The fix turns it back into the cost win people expect. For wider context on running Claude on free local hardware, see the OpenClaw Ollama free setup walkthrough, which assumes the KV cache is working.

When This Fix Will Not Help

If your local LLM is slow and the attribution header fix does not change anything, the bottleneck is somewhere else. Here are the other usual culprits in rough order of how often I hit them on setup calls.
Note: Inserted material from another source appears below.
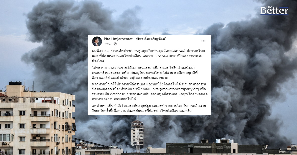 หากท่านมีญาติไปทำงานที่อิสราเอล และบัดนี้ยังติดต่อไม่ได้ ท่านสามารถระบุชื่อของบุคคล เมืองที่พำนัก มาที่ email : pita@moveforwardparty.org เพื่อรวบรวมเป็น database ประสานงานกับ สถานทูตอิสราเอล และ/หรือส่งมอบต่อกระทรวงต่างประเทศต่อไปได้ สุดท้ายขอเป็นกำลังใจและสนับสนุนรัฐบาลและข้าราชการไทย ในการคลี่คลายวิกฤตในครั้งนี้เพื่อความปลอดภัยของพี่น้องชาวไทยในอิสราเอลครับ"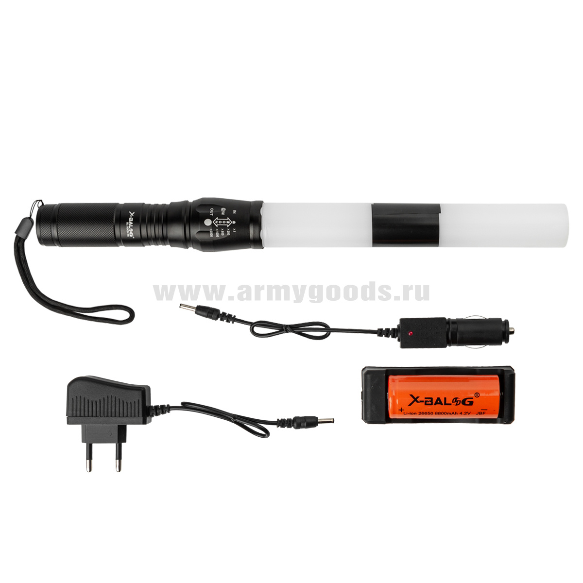 Жезл полосатый (стробоскоп) с мет. ручкой (длина 36 см) + ZOOM (в комплекте с аккумулятором и подзарядкой 2 вида) кнопка с торца ручки

First, check that your inference server supports prompt caching at all. llama.cpp has it on by default in recent builds. Ollama enables it per-model.

vLLM needs explicit flag configuration. LM Studio has a toggle in the server settings. No cache support means no cache hits, with or without the fix.

Second, confirm your model’s context window is not being truncated before the cache can apply. If you are sending a 32k prompt to a model configured for 8k context, the server silently drops the oldest tokens every turn, and the cache cannot match what is left. Raise the context window in the inference server config.

Third, rule out disk-bound paging. If you are running a model that does not fit in VRAM and the server is paging layers between disk and GPU, every turn reloads weights and no client-side fix will help. nvidia-smi or the server’s own memory log will tell you.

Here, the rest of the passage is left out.